■ Exercise brief ■
Below are the lines to check; count those holding the string "white" and give only the number.

■ Given data ■
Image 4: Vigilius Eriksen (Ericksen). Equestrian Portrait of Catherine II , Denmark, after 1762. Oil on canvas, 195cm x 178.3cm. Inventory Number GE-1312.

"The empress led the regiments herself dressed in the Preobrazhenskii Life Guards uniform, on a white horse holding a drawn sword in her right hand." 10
* * *
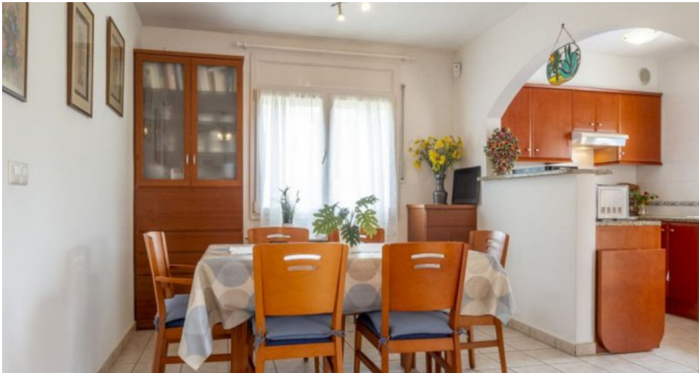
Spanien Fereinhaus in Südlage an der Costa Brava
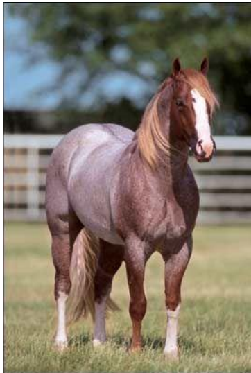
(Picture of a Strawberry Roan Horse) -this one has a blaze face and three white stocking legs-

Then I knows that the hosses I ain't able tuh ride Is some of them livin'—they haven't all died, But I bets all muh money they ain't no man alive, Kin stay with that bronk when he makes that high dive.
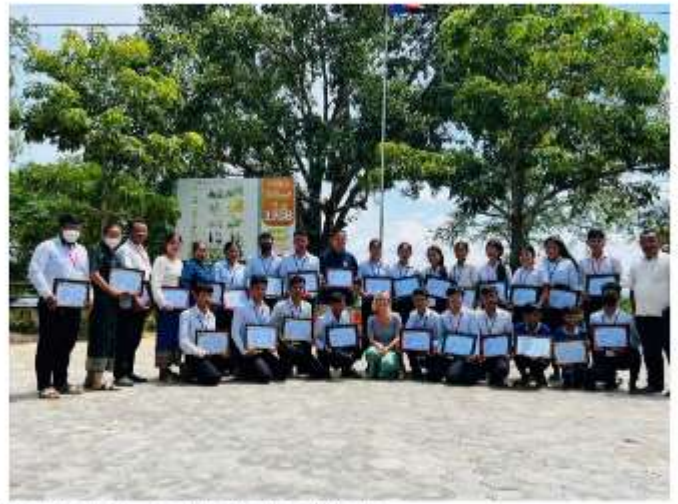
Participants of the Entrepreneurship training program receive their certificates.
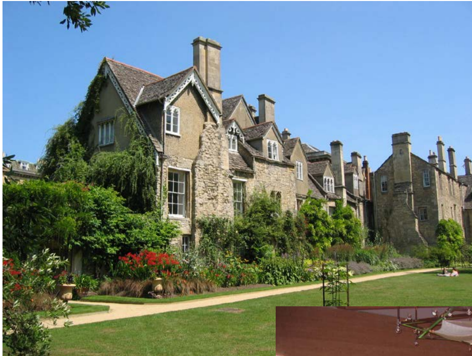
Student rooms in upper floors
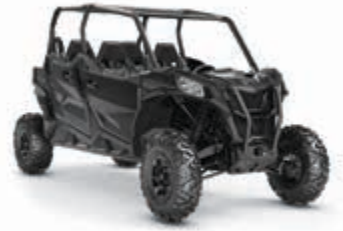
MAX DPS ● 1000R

■ Answer space ■
2